EGU25-10650, updated on 15 Mar 2025
https://doi.org/10.5194/egusphere-egu25-10650
EGU General Assembly 2025
© Author(s) 2025. This work is distributed under
the Creative Commons Attribution 4.0 License.
The relationship between theoretical maximum prediction limits of the LSTM and network size
Daniel Klotz1,2, Sanika Baste3, Ralf Loritz3, Martin Gauch4, and Frederik Kratzert2
Daniel Klotz et al.
  • 1IT:U Interdisciplinary Transformation University, Linz, Austria
  • 2Google Research, Vienna, Austria
  • 3Institute of Water and Environment, Karlsruhe Institute of Technology (KIT), Karlsruhe, Germany
  • 4Google Research, Zurich, Switzerland

Machine learning is increasingly important for rainfall–runoff modelling. In particular, the community started to widely adopt the Long Short-Term Memory (LSTM) network. One of the most important established best practices  in this context is to train the LSTMs on a large number of diverse basins  (Kratzert et al., 2019; 2024). Intuitively, the reason for adopting this practice is that training deep learning models on small and homogeneous data sets (e.g., data from only a single hydrological basin) leads to poor generalization behavior — especially for high-flows. 

 

To examine this behavior, Kratzert et al. (2024) use a theoretical maximum prediction limit for LSTMs. This theoretical limit is computed as the L1 norm (i.e., the sum of the absolute values of each vector component) of the learned weight vector that relates the hidden states to the estimated streamflow. Hence, for random vectors we could simply obtain larger theoretical limits by increasing the size of the network (i.e., the  number of parameters). However, since LSTMs are trained using gradient descent, this relationship is more intricate. 

 

This contribution explores the relationship between the theoretical limit and the network size.
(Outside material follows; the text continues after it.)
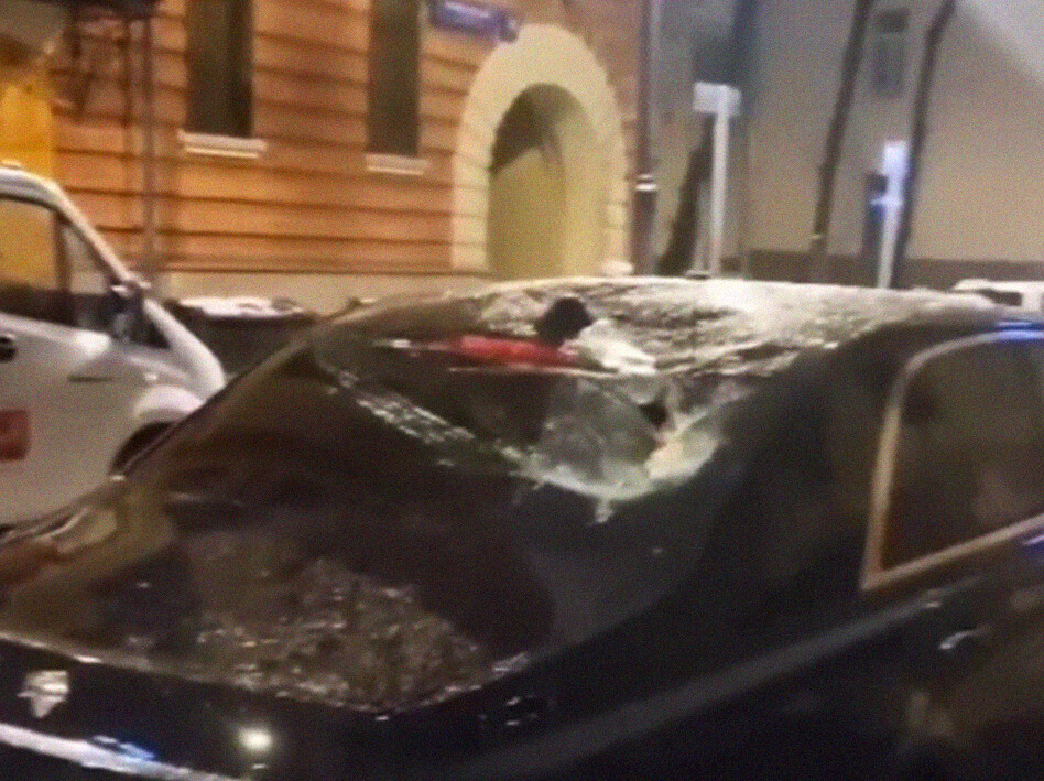 На видеозаписи с последствиями происшествия видно, что припаркованный в переулке среди застройки исторического центра Москвы седан Aurus Senat получил значительные механические повреждения крыши. На нем видны куски льда и вмятины. Наиболее сильно пострадала задняя часть автомобиля. Кроме того, у автомобиля оказалось разбито заднее стекло. Номерные знаки на поврежденном Aurus Senat отсутствуют.
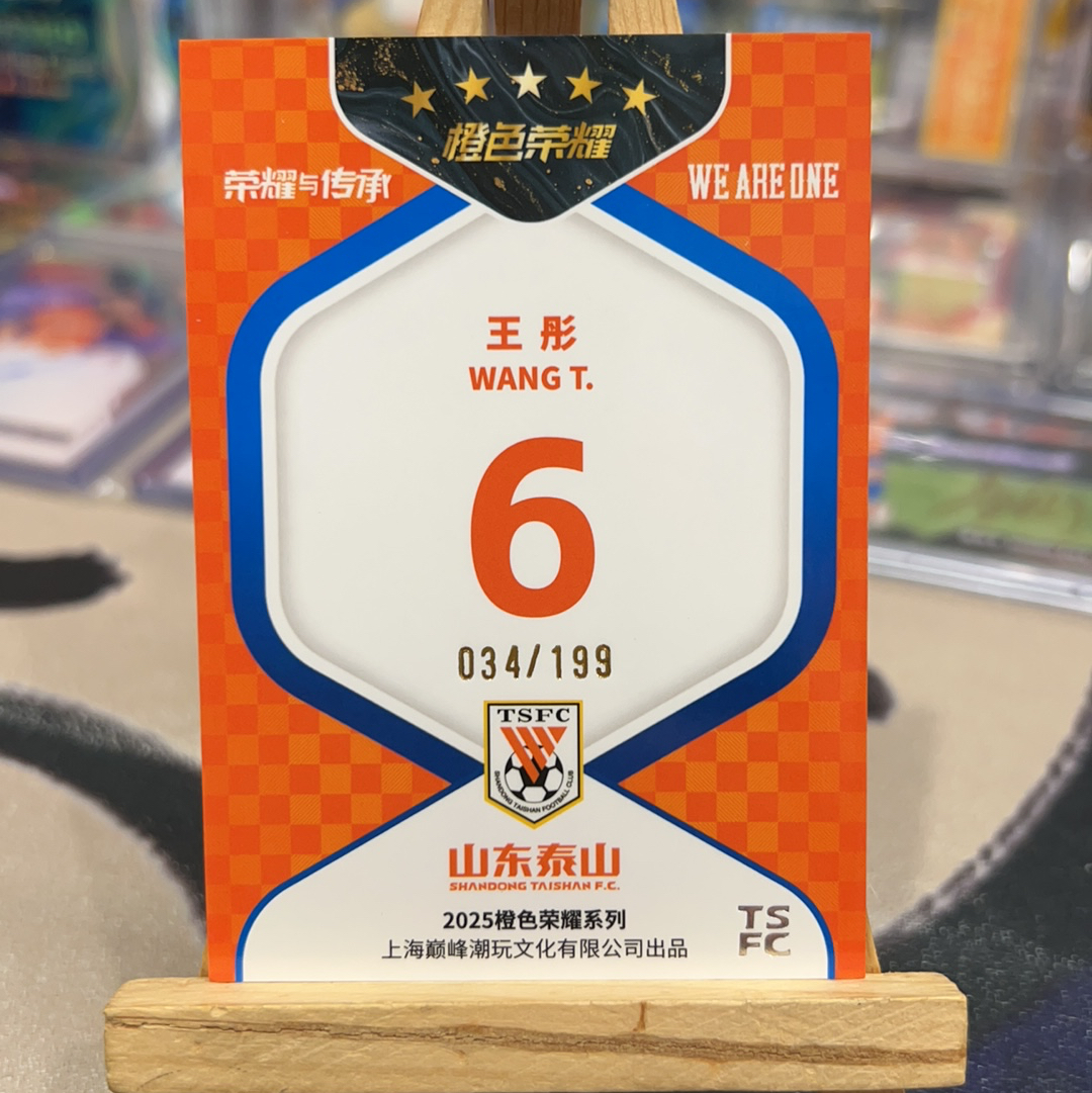 2025 巅峰潮玩 橙色荣耀 王彤 【耳朵卡社】巅峰潮玩 2025 山东泰山队盒 橙色荣耀 铜折 34/199编 王彤 sollent

In particular, we will look at how increasing the network size in untrained models increases the prediction limit and contrast it to the scaling behavior of trained models.



How to cite: Klotz, D., Baste, S., Loritz, R., Gauch, M., and Kratzert, F.: The relationship between theoretical maximum prediction limits of the LSTM and network size, EGU General Assembly 2025, Vienna, Austria, 27 Apr–2 May 2025, EGU25-10650, https://doi.org/10.5194/egusphere-egu25-10650, 2025.